Signs a body checking habit is out of control
Some of the signs a body checking habit is becoming a problem: if it impairs your ability to focus, if it causes disruption in your work or home life; if it leads you to avoid meals; or if it causes feelings of guilt, shame or worry. If you find yourself avoiding social gatherings due to fears about eating; if you spend an excessive amount of time worrying about your weight or looks; or if your preoccupation with your body image is getting in the way of living your life—these are all signs body checking is becoming a problem.
What to do if you have a body checking problem
First and foremost, if your boy checking habit has contributed to the development of an eating disorder, it’s important to seek professional support. The National Eating Disorders Association has a helpline, which you can access either by online chat or by texting/calling 800-931-2237. If you are experiencing a crisis and need help immediately, text NEDA to 741741.

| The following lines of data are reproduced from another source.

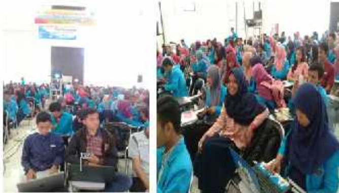
Figure 5. Entrepreneurship Workshop
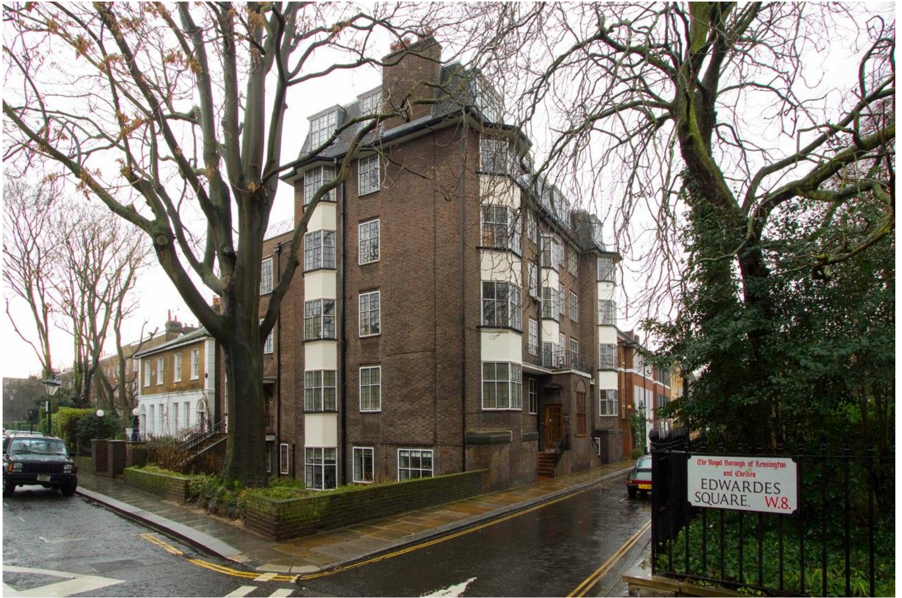
LCP House, Ogle Street, London W1W 6HU sales@lcprivate.com 020 7723 1733
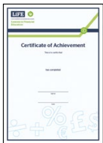
Blank milestone certificate
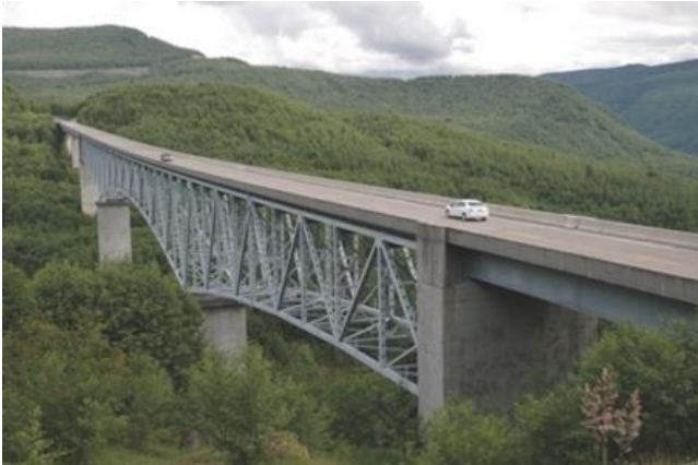
Hoffstadt Creek Bridge spans a wooded gorge. Tall trees obscure clear views of the bottom of the canyon.

The highway continues along the North Fork Toutle River, scene of major flooding in the aftermath of the 1980 eruption. Massive jams of logs and mud pushed downstream devastating homes, roads and a logging camp, where it tossed railroad cars around like toys. Three-and-a-half miles east of the hamlet of KID VALLEY (alt. 775 ft.) we reach the end of the pre-eruption route of the state highway. The old route, now buried beneath landslide and mudflow debris, followed the river upstream to Spirit Lake. The new highway, opened in October 1992, climbs a ridge north of the river, then continues eastward well above the valley floor. Along the 22-mile route to Coldwater Ridge are eleven bridges and four viewpoints offering perspectives of the volcano and the devastated upper Toutle River drainage. The highway climbs into the winter snow zone reaching elevations above 3,000 feet. The Department of Transportation keeps the road open as far as Coldwater Lake throughout the year (winter motorists should carry chains or traction devices).

When it comes to checking your body checking behaviors, Healthline suggests taking regular breaks from social media, as apps like Instagram can only fuel a preoccupation with body image. Also, monitor yourself and try to pinpoint the situations that trigger your impulse to body check—tracking your behaviors for a day to see if there are any patterns, and then attempt to developing alternative coping strategies that can replace body checking behaviors (for example, instead of looking at yourself critically in the mirror, perform verbal affirmations to boost your mood and self-confidence). An if the habit has risen to the level of a compulsion, seek the assistance of a trained therapist.